Через час десять минут мы уже ехали в такси обратно, к посту «Эрез», Фадид пригласил нас пообедать, но Вайсман объяснил, что мы спешим. Всю дорогу он кашлял и сплевывал в салфетки. «Это не хорошо, господин, – сказал ему таксист. – Ты должен пойти к доктор. Муж моей сестра доктор, живет близко». – «Спасибо, это ничего, я привык, – Вайсман попытался улыбнуться в ответ. – Это все сигареты, они меня убивают, медленно, постепенно».

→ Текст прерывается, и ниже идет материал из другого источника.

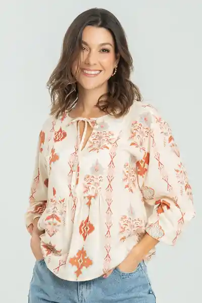 En Chalis Estampado Escote Redondo Con Abertura y Sesgo Amarre Manga Larga Con Puño.

Почти всю дорогу мы молчали, я думал про свою баскетбольную тренировку, она была назначена на пять. «В трех случаях у нас есть шансы, – сказал Вайсман. – Кроме этого, с яйцами. За те три года, что он просидел в тюрьме, нет никаких упоминаний о его травме. Пойди докажи, что они сделали это три с половиной года назад». – «Но ты все равно возьмешься?» – спросил я. «Да, – нехотя ответил Вайсман. – Я не говорил, что не возьмусь, сказал только, что у нас нет шансов». Он попытался поймать что-нибудь по радио, но раздавался лишь треск статического электричества. Тогда он попробовал напевать, но через несколько секунд ему надоело, он закурил и снова принялся кашлять. Потом опять спросил меня, собрал ли я у них подписи на всех бумажках. Я ответил: «Да». – «Знаешь, – сказал он вдруг, – мне следовало родиться негром. Каждый раз, когда я возвращаюсь отсюда, я говорю себе: «Вайсман, ты должен был родиться негром. Не здесь, нет – где-нибудь далеко, может быть, в Новом Орлеане. – Он приоткрыл окно машины и щелчком выкинул сигарету. – Билли – вот как меня должны были звать, Билли Уайтман, это хорошее имя для певца. – Он прочистил горло, как если бы собирался запеть, но стоило ему набрать воздуха в легкие, как раздались хрип и кашель. – Видишь? – сказал он, когда смог взять себя в руки, поднести ко рту грязную салфетку и прокашляться в нее как следует. – Это я сам написал, сильно, а? «Билли Уайтман и Покинутые» – вот как звали бы нашу группу. И мы бы играли только блюз».